The tide has begun to turn, with the Australian government just last week announcing $2.5 million dollars towards researching better diagnosis and treatment of endometriosis, the result of work by the Australian Coalition for Endometriosis -a group made up of associations like QENDO, EndoActive, and Endometriosis Australia among others. Women are finding their voice and becoming their own advocates in light of education and support from these groups, both of which empower them to value and own their stories and convince medical professionals, family, and friends to take their condition seriously. There is still much work to do to break the code of silence that exists, which highlights the importance of Endometriosis Awareness Month happening now. Women across the globe are sharing their stories through hashtags like #theendophotochallenge2018 and #1in10, and we have a duty to sit up and listen to what they have to say.
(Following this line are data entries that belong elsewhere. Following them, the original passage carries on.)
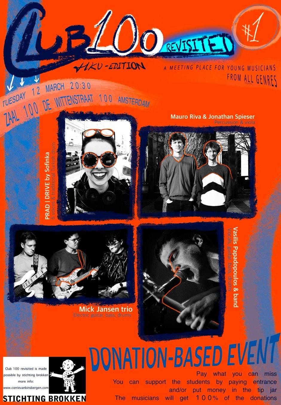 Sinds seizoen 16/17 bestaat het jaarlijkse CLUB 100 3.0 evenement, gelinkt aan de opleiding Musician 3.0. Na een korte onderbreking is CLUB 100 terug van weggeweest. Dit keer met jong talent van alle verschillende afdelingen van de HKU Utrechts Conservatorium.dinsdag 12 maart #1:
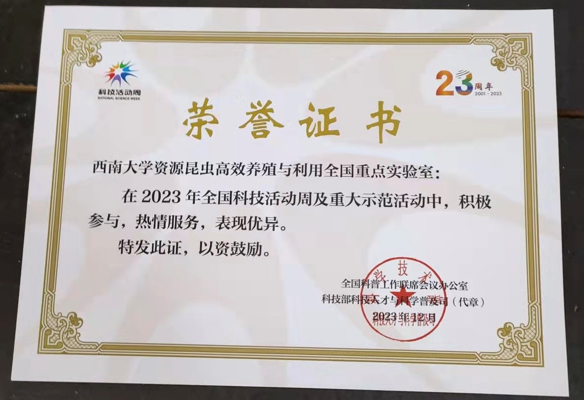 (简称资源昆虫全国重点实验室)收到荣誉证书,实验室凭借在2023年全国科技活动周及重大示范活动中的积极作为和优异表现,受到全国科普工作联席会议办公室表彰。
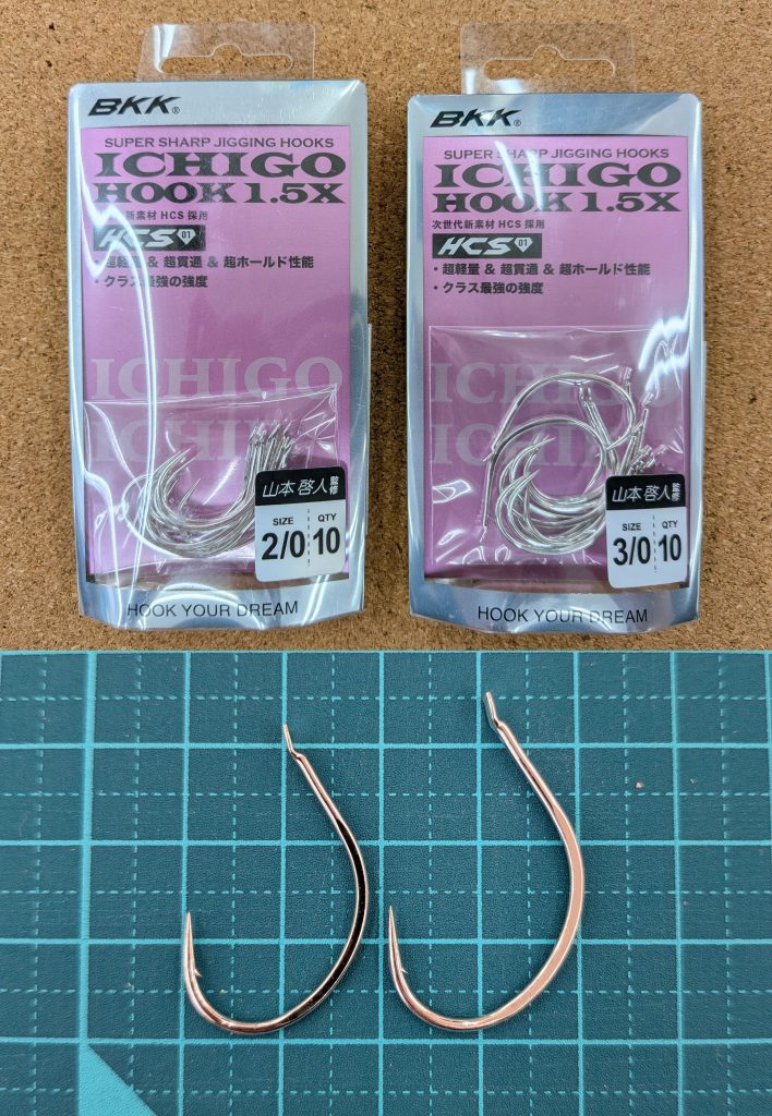 ↑ サイズ:2/0・3/0 細軸・軽量設計で吸い込まれやすさと高いフッキング率を実現。サクラマスジギングにオススメです。
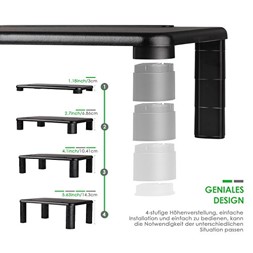 SIMBR Soporte para Monitor y Ordenador Portátil Elevador de Pantalla con 4 Elevaciones Ajustables, 28×40cm
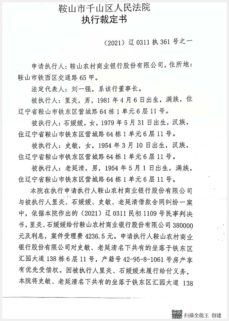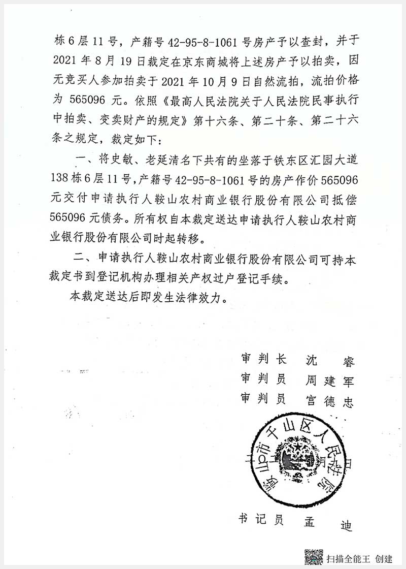 112號 鞍山市鐵東區(qū)匯園大道138棟6層11號房產(chǎn)
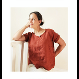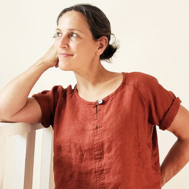 Suggested fabrics: This top was originally designed for very light weight linen. While it can work in a variety of light weight woven fabrics, this top is the perfect, simple backdrop to let a beautiful linen shine. If you choose a more rigid fabric such as cotton lawn, the neck may appear a little smaller and the bottom hem will be a bit fuller and not drape as closely to the body. Also be aware that one-sided printed fabrics will not look good once the sleeves are rolled up. Be sure that the front and back sides of your fabric are presentable.
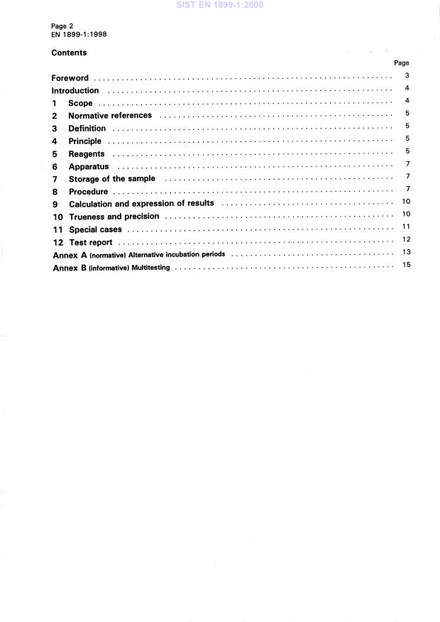 Diese Europäische Norm legt die Bestimmung des biochemischen Sauerstoffbedarfs in Wässern durch Verdünnung und Impfen mit Nitrifikationshemmung fest. Diese Norm ist für alle Wässer geeignet, deren biochemischer Sauerstoffbedarf größer oder gleich 3 mg/l Sauerstoff ist, aber 6000 mg/l Sauerstoff nicht überschreitet. Für einen biochemischen Sauerstoffbedarf von mehr als 6000 mg/l Sauerstoff ist das Verfahren zwar noch anwendbar, aber durch die notwendigen Verdünnungen können die Fehler die Qualität des Testverfahrens beeinflussen und die Ergebnisse sind mit Vorsicht zu interpretieren.
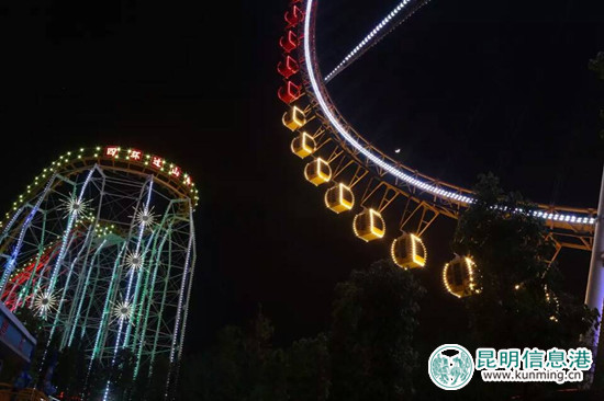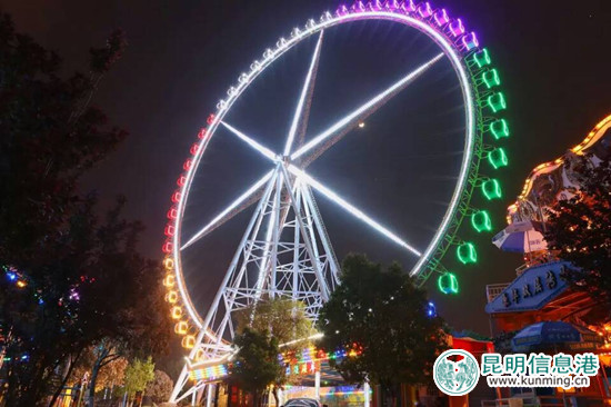 昆明信息港讯 记者杨雁 “如果夜间你从昆明西边高架桥上经过,一定会被大观楼内108米高的摩天轮上美仑美奂的彩灯吸引,这些灯光变幻出8种颜色,闪烁迷离、美不胜收,成了夜间昆明西市区的地标景观之一。”据了解,从去年10月起,为完成灯光亮化工程,大观公园西区游乐场投入300多万元对摩天轮进行灯光亮化,并对摩天轮的车厢进行了整体更换。目前,又投入100多万元,对四轮过山车进行灯光亮化,使得公园内游乐区的灯光总数达到了10万多盏,每当夜幕临近,彩灯点亮,公园就成了昆明市区最美丽的夜景之一。
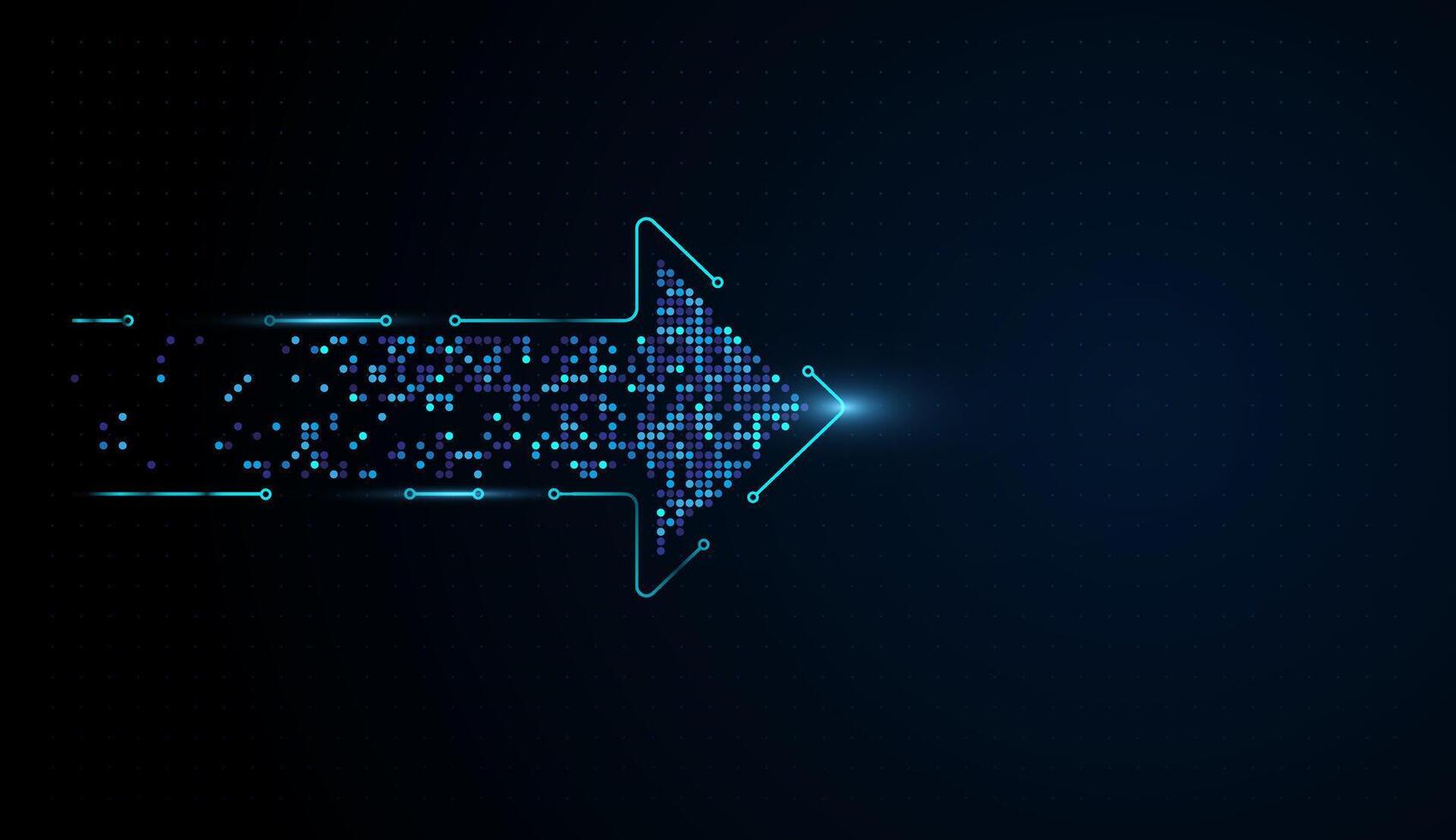 A luminous arrow shape emerges from scattered pixels, illustrating innovation consolidating into clear direction. Abstract arrow direction technology background Pro Vector
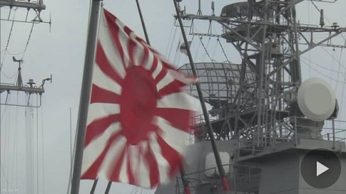 NHK에 의하면, 해양 자위대가 게양하는 ‘욱일기’가 해방 전의 군국주의를 상기시켜 한국 국민 정서를 고려하면 ‘욱일기’ 게양을 허락할 수 없다고 한국 측에서 전해왔다.
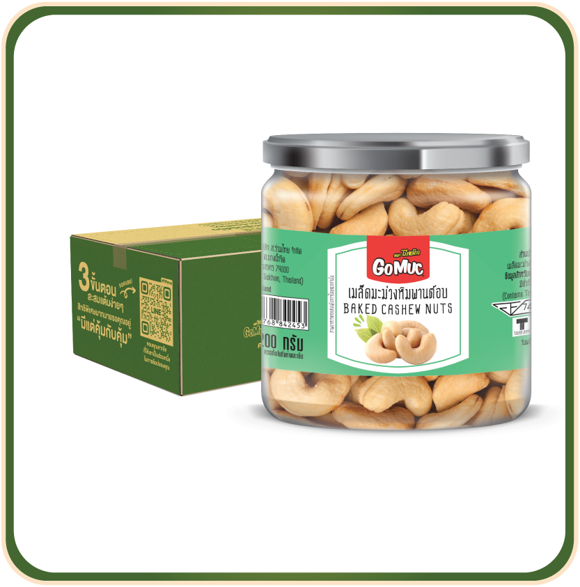 เม็ดมะม่วงหิมพานต์อบ 200 กรัม [GoMuc | โกหมึก] BAKED CASHEW NUTS ถั่วและธัญพืช ประโยชน์ต่อสุขภาพ ดีต่อระบบไหลเวียนเลือดและหัวใจ ลดความดันโลหิต ป้องกันการก่อตัวของโรคนิ่ว เพิ่มความหนาแน่นของมวลกระดูก
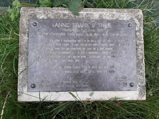 ANNE FRANK'S TREE/Planted on 12th June 1999/The Worshipful The Mayor Councillor David Cunningham/"It is utterly impossible for me to build my life on a foundation of/…, suffering and death. I see the world being slowly transformed into/wilderness. I hear the approaching thunder that will destroy us… I/….Perhaps the day will come when I'll be able to realise them/Anne Frank's Diary, 15th July 1944./To commemorate Anne Frank and all the children/killed in wars and conflicts in this century.
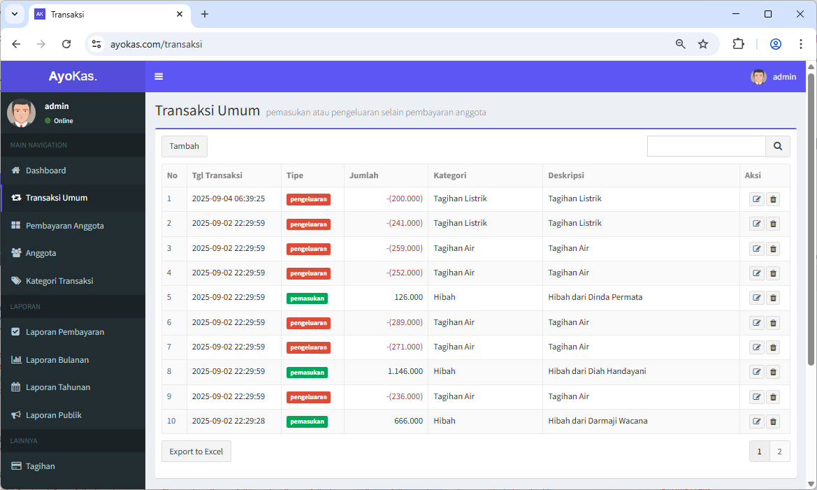 Aplikasi pencatatan kas yang tepat untuk organisasi Anda. Pantau pengeluaran dan pemasukan hanya dengan beberapa klik !
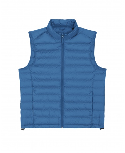 Material: 100 % recyceltes Polyester, fluorfreie DWR; Gewicht: 75g/m²; Taillierter, ärmelloser, hoher Kragen, umgekehrter Nylon-Reißverschluss vorne in der Mitte, Leistentaschen mit Reißverschluss und zusätzlichem Grosgrain-Puller, elastisches Band am Armloch, vollständig gesteppt, Seiteneinsätze für eine bessere Form, innen eingefasste Nähte, unterer Saum mit verstellbarem Kunststoffstopper und elastischer Kordel; Zertifikate: Global Recycled Standard (GRS), Fair Wair, STANDARD 100 by OEKO-TEX®, Peta - Approved VEGAN
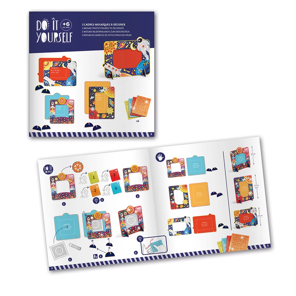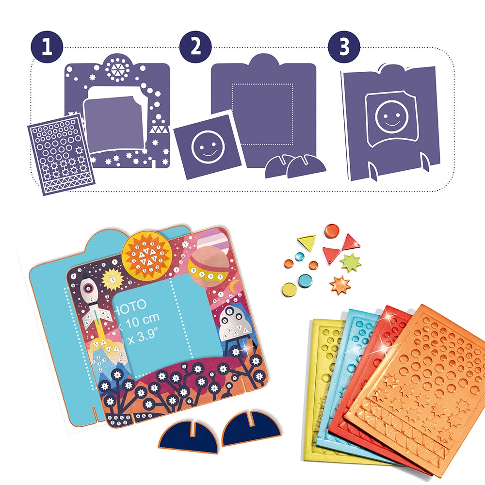 Create 3 out of this world space themed photo frames yourself ! Children will love decorating the 3 photo frames with the frame and self adhesive metallic mosaic pieces provided. Designed by R?gis Lejonc. Skill Development: dexterity, hand-eye coordination, colour and shape recognition, patience and concentration, creativity and imagination

The wall between sufferers and non-sufferers must be broken down and knowledge of endometriosis must become as ubiquitous as our knowledge of diseases like breast cancer, diabetes and asthma – because they affect people on the same scale. Women’s health is more important than it’s given credit for. Endometriosis does not only affect the person, but the society around them. Pain influences partners, friends, and family; pain is responsible for loss of productivity in workplaces and has an economic impact on the wider state and country. Understanding the systemic effects of this disease is important moving forward.

It’s not just bad period pain, but so much more. We must walk with eyes open, our lips must not remain sealed, and we must above all commit to listening – to women, to their partners, and to medical professionals who have committed their practice to providing evidence based, patient centred care to endometriosis sufferers.

As I walk through the wards each day, caring for my patients, my nurse face on, I smile and my problems melt away. But when I go home, I must learn to admit when my pain is too much, to demand better for myself. I must learn to show my true face and speak up, not only for myself, but for the millions of other women around the globe who share the same fear of ostracism, of pain, of being told they are crazy. We don’t have to be afraid. If you want to go fast, go alone, if you want to go far, go together.

There is a code of silence, and it can’t go on.